Sound and Fury and My Shame

I am ashamed of myself, truly absolutely ashamed.  It seems that my capacity for acceptance and patience has done a nosedive, and for months now my main emotion has been anger.  The only difference to the way I am feeling is that the anger either smoulders or erupts into fury.  It must be time to sit and contemplate my navel (if I could find it) for a while, and to search for the calm. 

 The greatest difficulty facing me is how to rein in the anger, to turn it around or turn it off.  Look, I understand why it has me in its grip, but that isn't helping me in the slightest.  It all started quite a while back when I became convinced that my husband was in the early stages of Alzheimers.  At that point I began an even stronger campaign to get him to think, and to use his brain instead of just vegetating in front of the television.  The latest crosswords were bought in magazine form, and I introduced him to Sudoku.  Believe me, he got such a shock because he blithely dismissed Sudoku (he is/was brilliant at maths), but when he tried to do a game he became amazingly unstuck.

That worked for a while, and then I think became boring, as did the crosswords.   You could actually see him improving as he exercised his brain.  And I am not kidding, the improvement was marked.  I bought him  a big jigsaw as he likes to do them - it is still in the box over twelve months later.  He just seemed to come to the point where he didn't want to bother.

It is unbelievably difficult to accept that the person you have known for 30+ years has changed to such a degree.
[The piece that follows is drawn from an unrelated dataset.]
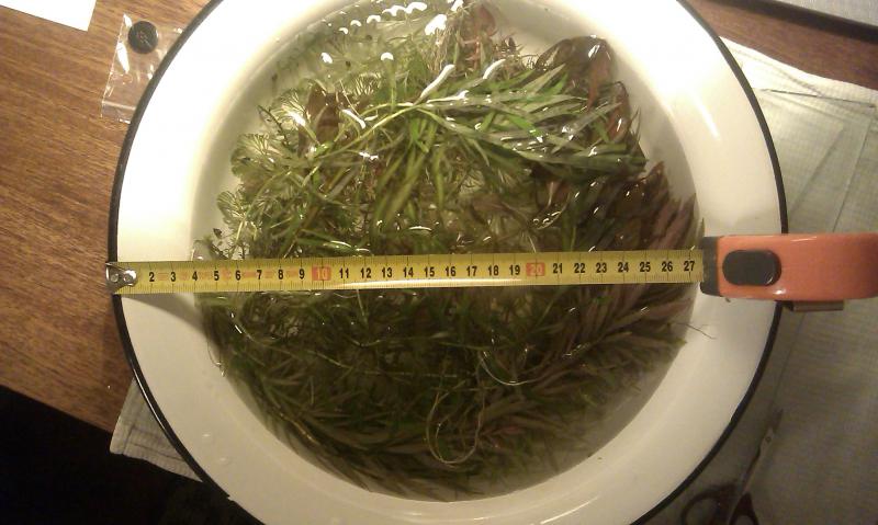 И снова есть растения. В тазике: кабомба коричневая, пару деток криптокорины обычной зеленой, гетерантера остролистная много веток, Амбулия одна, ветка людвигии рубин. Растения в тазу, забрать надо побыстрее...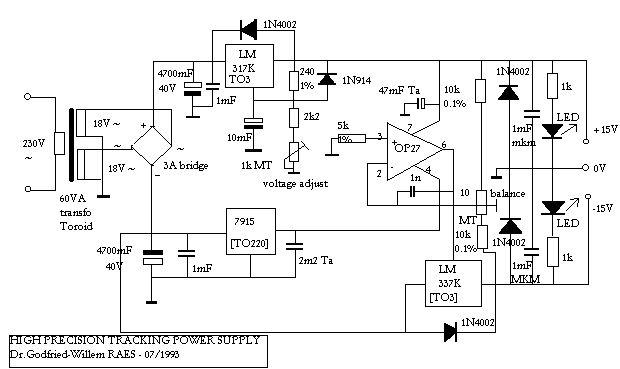 Of course, the entire circuit requires a decent balanced power supply. It can be build after following circuit design:

So hard to accept that this isn't the man I married.   I pushed and pushed to get him to think, to even take on some of the responsibility for paying bills and managing the money etc.  He wasn't interested and would infuriate me by acting as though he was a feeble old man.   Yeah, yeah, I know he is 76 but he has never been feeble and never acted like an old man until now.  At the same time he will come across all "macho"  about things, and say totally stupid things about, for example, Sid Vicious.  He said he "should go around there" and that if he did Sid Vicious "would never know what hit him".    God, it just makes me shake my head.  This is the man that now weighs only 50 kilos (or thereabouts) which is not quite 8 stone, or 110 pounds.  I doubt whether he could take on a bandicoot and winSad smile 



His downhill slide, which is accelerating, and his severe deafness means that we don't communicate properly any more.  And whatever we do talk about he forgets faster than you can snap your fingers.  It makes him uncertain and I am sure he is afraid but won't admit it.   It also makes us both very lonely, even though we live together still.  All of this makes me rage inside as well, because I  firmly believe that most of his mental problems were so very preventable. If you use it, you don't lose it.........

Now the anger is compounded by my own illness, and that fact that I brought it on myself.  So there is anger upon anger upon anger.  Sometimes I feel I am going to fly into pieces with the fury inside me.  It is like a huge bubbling, seething, boiling sludge.  The hardest aspect of this is that whenever my poor daughter visits us I feel I can let go a little  and the result is that I tend to fly off the handle at him and generally speak to him in a nasty fashion.  Lately my poor daughter is less of a daughter and more of a referee and mediator, as well as someone we increasingly depend upon for most things in our daily lives.  This makes me angry as well.  She shouldn't have to be in this situation.  She is fine with it, but I am NOT. 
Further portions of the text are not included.